Laura F. Edwards. Scarlett Doesn't Live Here Anymore: Southern Women in the Civil War Era. Urbana and Chicago: University of Illinois Press, 2000. x + 271 pp. $29.95 (cloth), ISBN 978-0-252-02568-6.
Reviewed by Derek W. Frisby (Department of History, The University of Alabama)
Published on H-South (January, 2001)
Moving Away from the Myths of Southern Women's History
Moving Away from the Myths of Southern Women's History
Scarlett Doesn't Live Here Anymore endeavors to look behind the faade of Scarlett O'Hara and her idyllic Tara plantation and discover the complexities of southern womanhood. Laura Edwards laments that the recent growth of research on southern women "has not filtered into the classroom, general histories, and traditional publications" (p. 2). Her goal is to "bring together current literature on southern women and make it more accessible to wider audience while showing how the inclusion of women changes our understanding of the period" (p. 2). To do so, Edwards adopts a chronological approach and ambitiously concentrates on the nexus of gender, race, and class in the former Confederacy. Within each division, she examines the lives of planter class women, yeomen class women, and African-American women, synthesizing primary sources with recent historiography.
Planter-class women in the antebellum period lived with a central contradiction in their lives: "the privileges that gave them power as members of the white, planter class also defined their subordination as women" (p. 16).

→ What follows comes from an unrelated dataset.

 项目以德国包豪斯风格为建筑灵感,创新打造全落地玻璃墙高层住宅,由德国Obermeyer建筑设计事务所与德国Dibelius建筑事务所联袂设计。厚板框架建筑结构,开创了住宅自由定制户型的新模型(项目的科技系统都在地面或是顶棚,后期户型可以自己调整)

From an early age, elite southern women prepared for a life subordinate to male authority and acquired the skills necessary to fulfill their roles as wives, mothers, and mistresses of slaves. Social relationships, kinship networks, and religion "supported as well as constrained" women and "discouraged girls from seeing themselves as individuals" (p. 20). During the war, planter class women enthusiastically supported secession because they "had more invested in the cause than other southerners did." They understood that duty, honor, and liberty were the "cornerstones that grounded . . . position and power in the southern social structure" (p.71-72). But war's glory and romance soon faded.

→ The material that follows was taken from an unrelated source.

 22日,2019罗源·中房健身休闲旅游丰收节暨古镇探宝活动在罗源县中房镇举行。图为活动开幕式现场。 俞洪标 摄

Left to maintain the plantation, planter-class women faced wartime hardships and had to "confront the limitations and vulnerability of their legally and culturally defined dependence" (p. 74). Slave management was often their undoing. Lacking the authority possessed by their husbands and overseers, planter-class women gradually came to fear dealing with slaves outside the plantation more than they did the Yankees. To some, slavery had become more trouble than it was worth. Their appeals to exempt men from conscription to "keep the slaves down" and their willingness to accept emancipation or colonization is a telling comment on the growing disillusionment with the war (p. 78). Ironically, the war planter class women had embraced as the means to affirm and secure their social standing became the instrument of its destruction.

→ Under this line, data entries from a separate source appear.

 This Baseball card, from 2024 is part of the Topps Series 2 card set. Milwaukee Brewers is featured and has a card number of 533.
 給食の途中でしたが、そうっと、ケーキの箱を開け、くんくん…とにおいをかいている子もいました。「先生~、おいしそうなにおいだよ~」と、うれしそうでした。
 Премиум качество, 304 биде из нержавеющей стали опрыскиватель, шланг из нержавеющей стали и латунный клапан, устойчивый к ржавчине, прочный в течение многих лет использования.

But the elite class of southern women refused to abandon the old order and transferred the blame for their losses to the North and African-Americans. "The fundamental premise of the southern ideal of womanhood was that women to be ladies had to have servants" (p. 173). Without slavery to distinguish them from other white women, elite southern women relied on rigidly enforced racial boundaries and new social organizations to separate themselves. Many women sought to do something "creative and intellectually stimulating that would bring public recognition" (p. 184). They created the United Daughters of the Confederacy to mythologize the "Lost Cause" and "installed domesticity as the new standard of elite womanhood" (p. 182). Through these values, they were also able to better define their prejudices against blacks by portraying them as childlike and in need of civilizing.
Southern yeoman women, "suffered under the same restrictions as planter class women," but experienced them differently (p. 32). The largest, yet "most invisible," of the three classes Edwards' examines, these women added to the independence of the antebellum yeoman male (p. 149). They were resourceful, worked in the fields, added value to male-produced raw materials, and most importantly, reproduced to augment the family's labor resources. Sexual virtue was perhaps less valued than the ability to reproduce, and yeoman women showed more of a willingness to cross racial, social, and gender boundaries, not in protest of such standards, but as a means of survival. Although manual labor was the "class barometer" in the antebellum south, yeoman women shared some similarities with their planter class counterparts (p. 37). Religion and family ties offered a measure of stability and companionship for poor white women as well as for the wealthy, but these institutions served to underscore their subordination to males.
The war wreaked havoc on yeoman women and their households. These women had supported the war at first, believing they had some shared interest with the slaveholding class; however, the legal and governmental institutions of the Confederacy began to infringe upon men's family responsibilities as the war progressed. The loss of male labor for military service, the confiscation of livestock and machinery, and having few, if any, slaves meant the yeoman women had to work even harder for less. Unable to provide for their families and assure some measure of independence, many yeomen women withdrew their support for the Confederacy. They manifested their displeasure by encouraging desertions, assaulting government officials, conducting strikes, rioting, and raiding abandoned plantations. These actions further undermined the already tenuous Confederate experiment and accelerated its downfall.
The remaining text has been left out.